===============================
Fetching and writing data files
===============================


*vortex* facilitates the transfer of data files between an arbitrary
location and the current working directory. This location can either
be a leaf of the :doc:`data tree <data-layout>` or a specific path.

.. seealso::

    This chapter describes how to fetch and write data files
    programmatically, using *vortex* as a library. This can also be done
    directly from the command line using :ref:`the vtx command <vtx-command>`.

Fetching files from the data tree
---------------------------------

This is achieved by creating a resource handler using the ``input``
function, then calling the ``get`` method on this handler.
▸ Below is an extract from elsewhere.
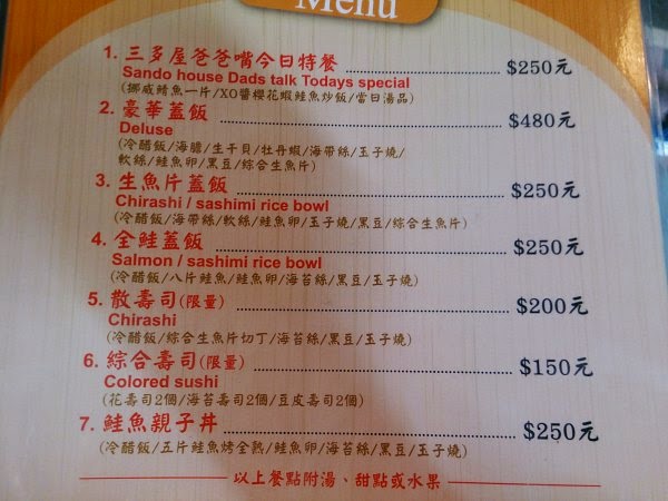 * 無服務費,無刷卡三多屋國際事業有限公司 (專賣生魚片,內用外帶皆可)
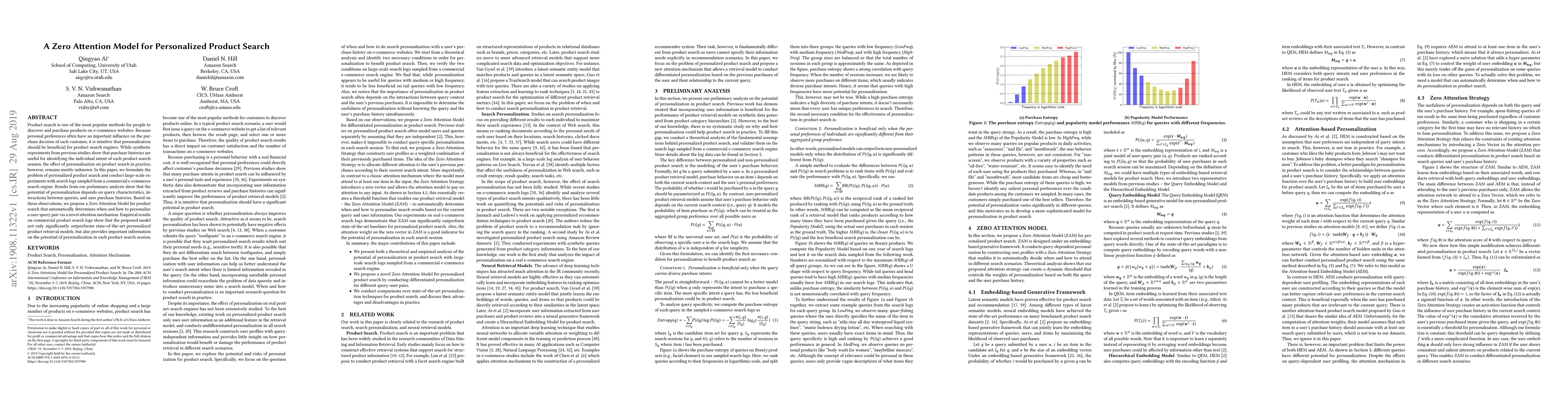 This paper proposes a Zero Attention Model for personalized product search, demonstrating that personalization effectiveness varies with query characteristics and user histories. The model outperforms existing methods and provides insights into the potential of personalization in e-commerce search.

The ``vortex.input`` function can take a large number of keyword
arguments, the list of which can be broken down into three categories:

- Arguments specifying the type of ressource, that is which subclass
  of ``vortex.data.resources.Resource`` will eventually be instantiated
  as part of the handler's creation.

- Arguments specifying the the location of the source data file.
  For example whether or not the resource is fetched from the
  local data tree, a remote data tree -- or from a specific path.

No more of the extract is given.